“It was so good to be held. If only their relationship could be distilled into simple, wordless gestures of comfort. Why had humans ever learned to talk?”
J K Rowling
How we met: Duh, I had been waiting for it since this post
Six Word Summary: The most refined townships have underbellies
I rate it: B-
The short of it: Digging under the manicured fingernails of a small, peaceful British town, Rowling uncovers filthy layers of drug abuse, child neglect, domestic abuse, rape, xenophobia, and other festering secrets.
I think it was Agatha Christie’s Miss Marple who, when faced with the comparison between a tiny, restful British village like St. Mary’s Mead and a stagnant pond where nothing ever happens, commented that looking at a drop of pond water through a powerful microscope reveals that it is slithering with life forms that are invisible to the naked eye. Rowling, in The Casual Vacancy, takes a cross-section of Pagford, an imaginary but very realistic village in West Country England, under the microscope for our enjoyment.
When Barry Fairbrother, Pagford parish councillor, drops dead in the middle of his anniversary dinner, a furtive scramble begins almost immediately to take over the casual vacancy created by the death in the council. Under the veneer of polite smiles, teeth and claws come out, and old enmities are resharpened. However, the tentative candidates don’t know how to handle the turn of events when a poison pen starts revealing their most shocking and best kept secrets online on the council forum.

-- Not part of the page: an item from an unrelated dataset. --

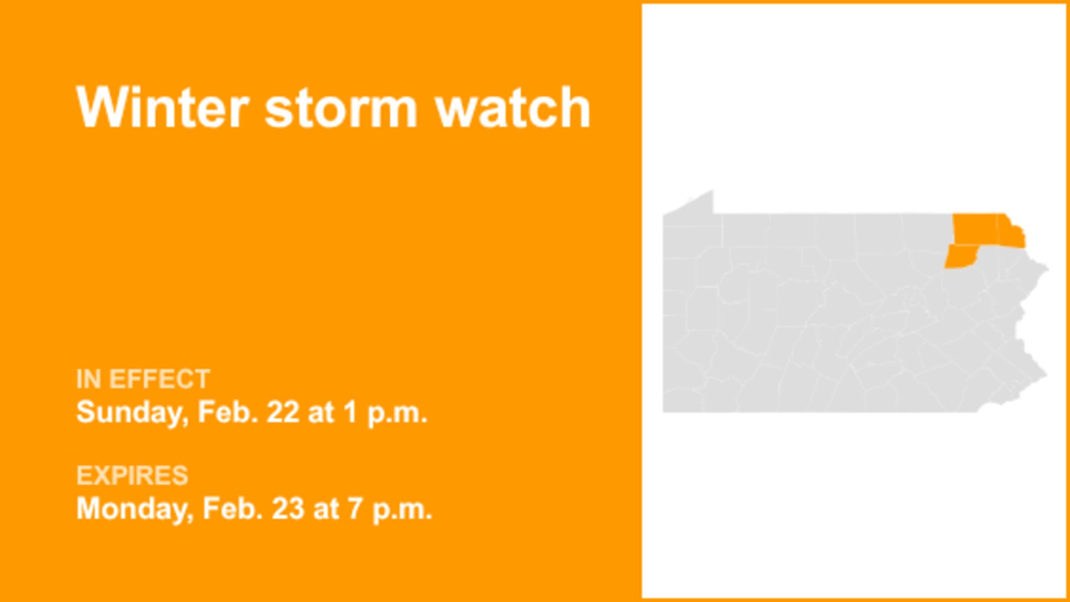 UPDATE: A winter storm watch has been issued for parts of Northeast Pennsylvania as heavy snow is expected to impact travel this weekend. The National Weather Service confirmed the watch will be in effect from January 14, 2024, at 1 p.m. until January 15, 2024, at 7 p.m., affecting Northern Wayne County, Susquehanna County, and Wyoming County.
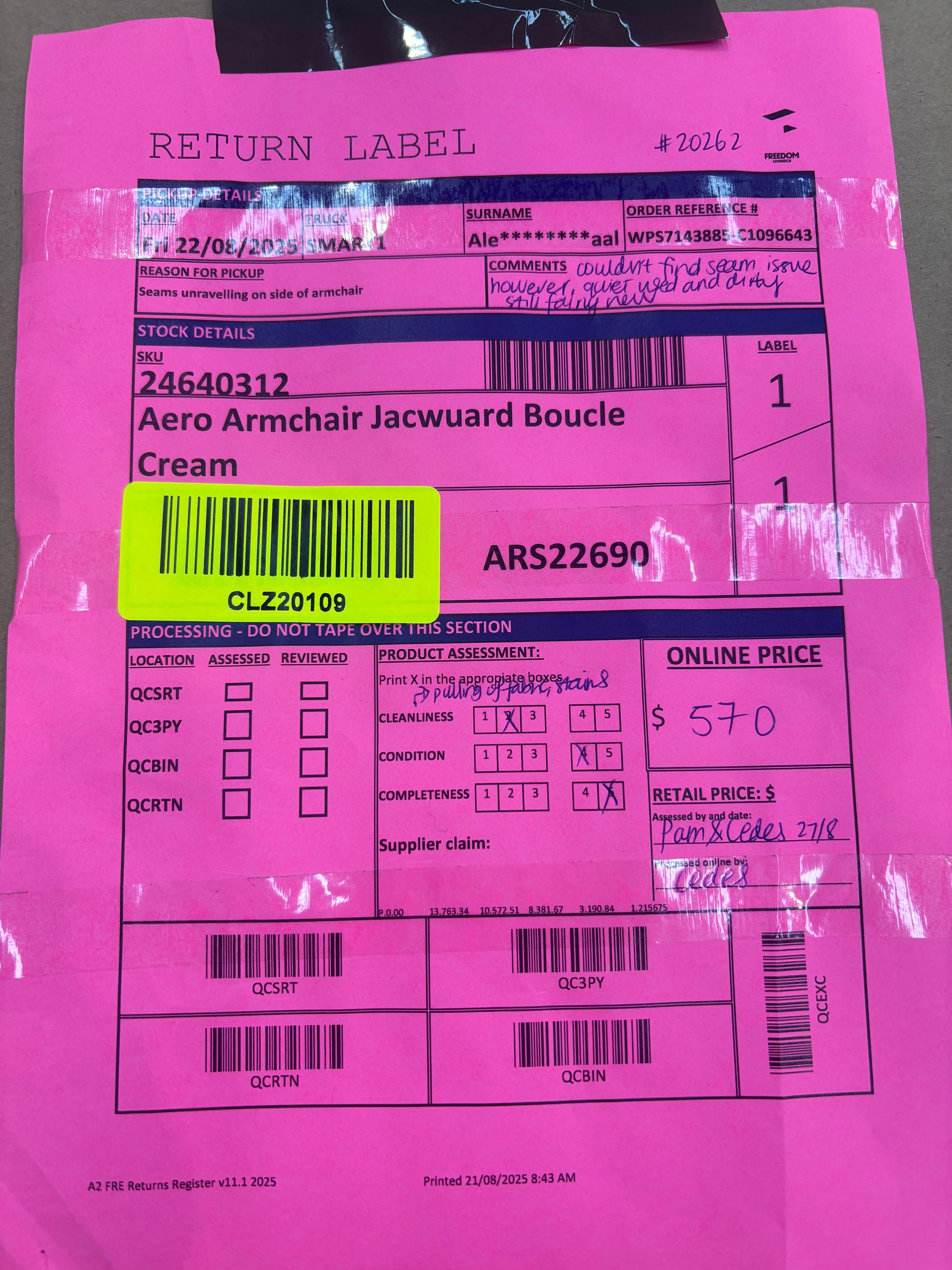 ASSESSOR NOTES: Couldn't find seam issue however, armchair has been used. Quite stained and dirty but fairly new.Β

This is the world of the adults of Pagford. The children, on the other hand, have their own share of darkness, most of them being victims of neglect or abuse in some form or the other. Of them, the story of Krystal Wheedon, disreputable school slut and the daughter of a meth abusing mother, stands out like a rotting, decayed thumb.
The one problem I had with The Casual Vacancy is that it is too petty. All said and done, Pagford is a small town, and its struggles are small struggles. They could seem momentous to the person living within them, but to an outsider, they could seem like a bit of nasty gossip. Deadly secrets are foreshadowed throughout the book, but when they come to light, they are mundane and uninteresting. I like a bit of malevolent gossip, and so do many other people I know, but to go one about them for a whole book seems a bit futile. Another reason why The Casual Vacancy got a bit exhausting is that, apart from the late lamented Barry, there are no positive characters. There are people who are just so bad they are reminiscent of Petunia Dursley, people who seem nice and principled at first glance, but are later revealed to be irresponsible and wanton, and people who are otherwise okay, but are so clingy and whiny in their personal lives it is difficult to tolerate them.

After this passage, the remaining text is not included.